In conclusion, I hope that this fire spread simulation application has demonstrated the power of combining different disciplines together to educate and inform. By integrating frontend development, user interface design, simulation modeling, and actuarial analysis, we have created a tool that visually presents the dangers of house fires in an interactive and engaging way. This project serves as an example of what can be achieved when we collaborate across disciplines and leverage the skills and expertise of professionals from various fields. I hope that it inspires others to explore new ways of communicating complex concepts and educating the public about important risk-related topics.

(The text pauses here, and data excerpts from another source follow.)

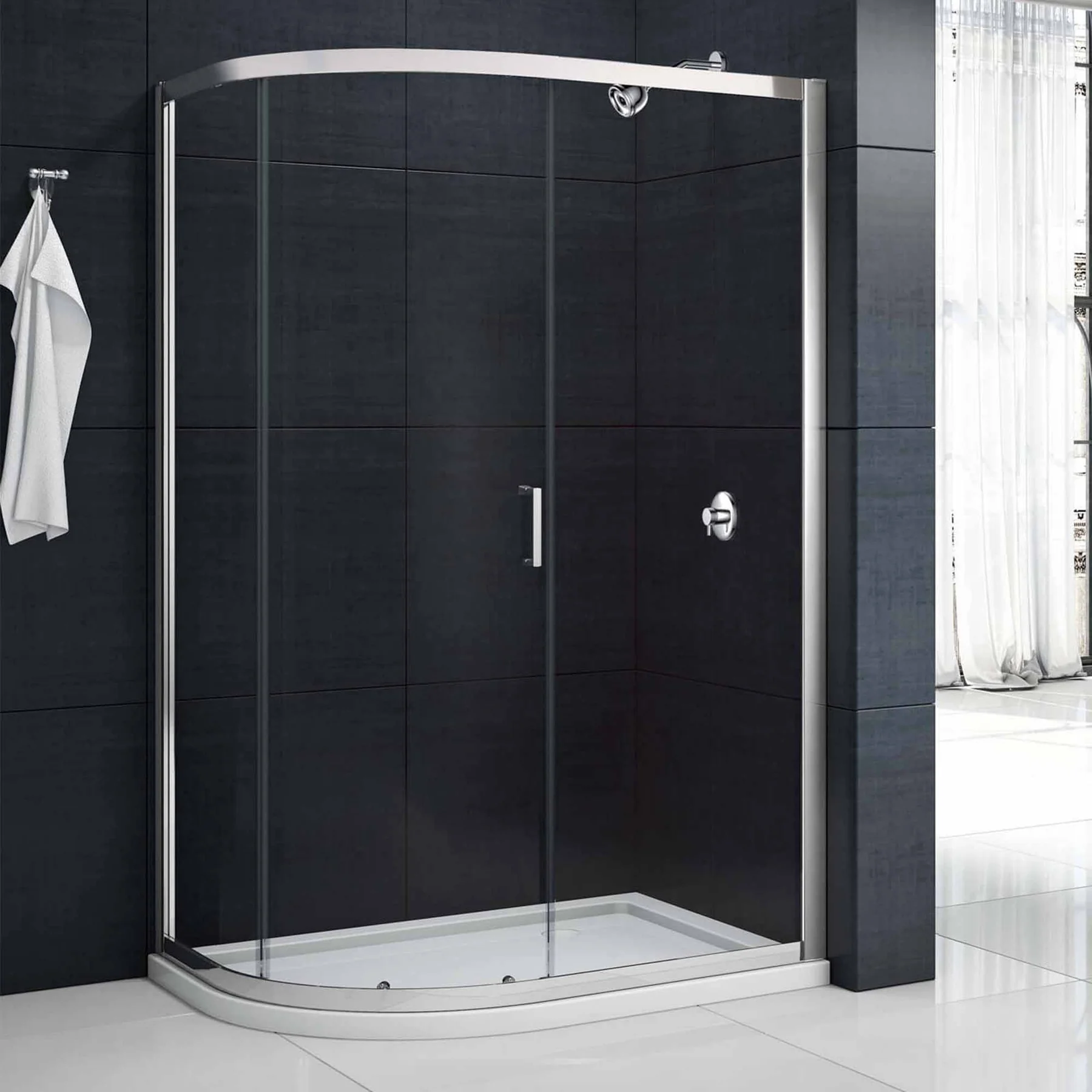 The Mbox Quadrant sliding shower door by Merlyn offers a sleek and contemporary design, making it the ideal choice for any bathroom. It is specifically designed to fit perfectly into any right angle corner, providing a spacious and stylish curved showering area.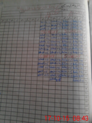 | CNIC | Full Name | Designation | R/C | Absence During Last Calender Month |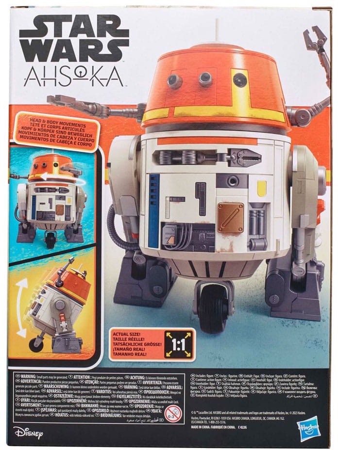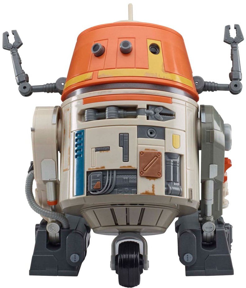 The Star Wars Chatter Back Chopper animatronic from Hasbro's Star Wars collection brings the fan-favorite droid from a galaxy far, far away right into your home. This electronic toy features character design and weathered deco inspired by the Ahsoka live-action series on Disney+. Unlock more than 40 sound and movement combinations by pressing the button on Chopper's body, posing his front arm, or by making sounds of your own. Watch as he really responds with different sound effects and movements with his arms, body, and head. Animatronic droid toys make great Star Wars gifts for kids ages 4 and up and are the perfect addition to any fan's Star Wars collection.

Future Improvements and Potential Extensions of the Project

There are several potential improvements and extensions of the project that could enhance its functionality and user experience. These include:

  • Enhancements to the simulation engine, such as incorporating more detailed fire spread models and adding features like wind and oxygen effects. More objects could be added, more materials, and more complex fire spread models.
  • Updates to the actuarial models, including the use of more sophisticated statistical methods and the incorporation of additional data sources. A more robust frequency model could be developed, and the severity model could be improved by incorporating more detailed information on the distribution of fire severity.
  • New features for the user interface, such as interactive tools for exploring the simulation results and customizing the input parameters.
  • Extensions of the project to other applications, such as floods, or even wildfires on a larger scale.

These improvements and extensions would further enhance the educational value of the fire spread simulation application and provide users with a more comprehensive and interactive experience.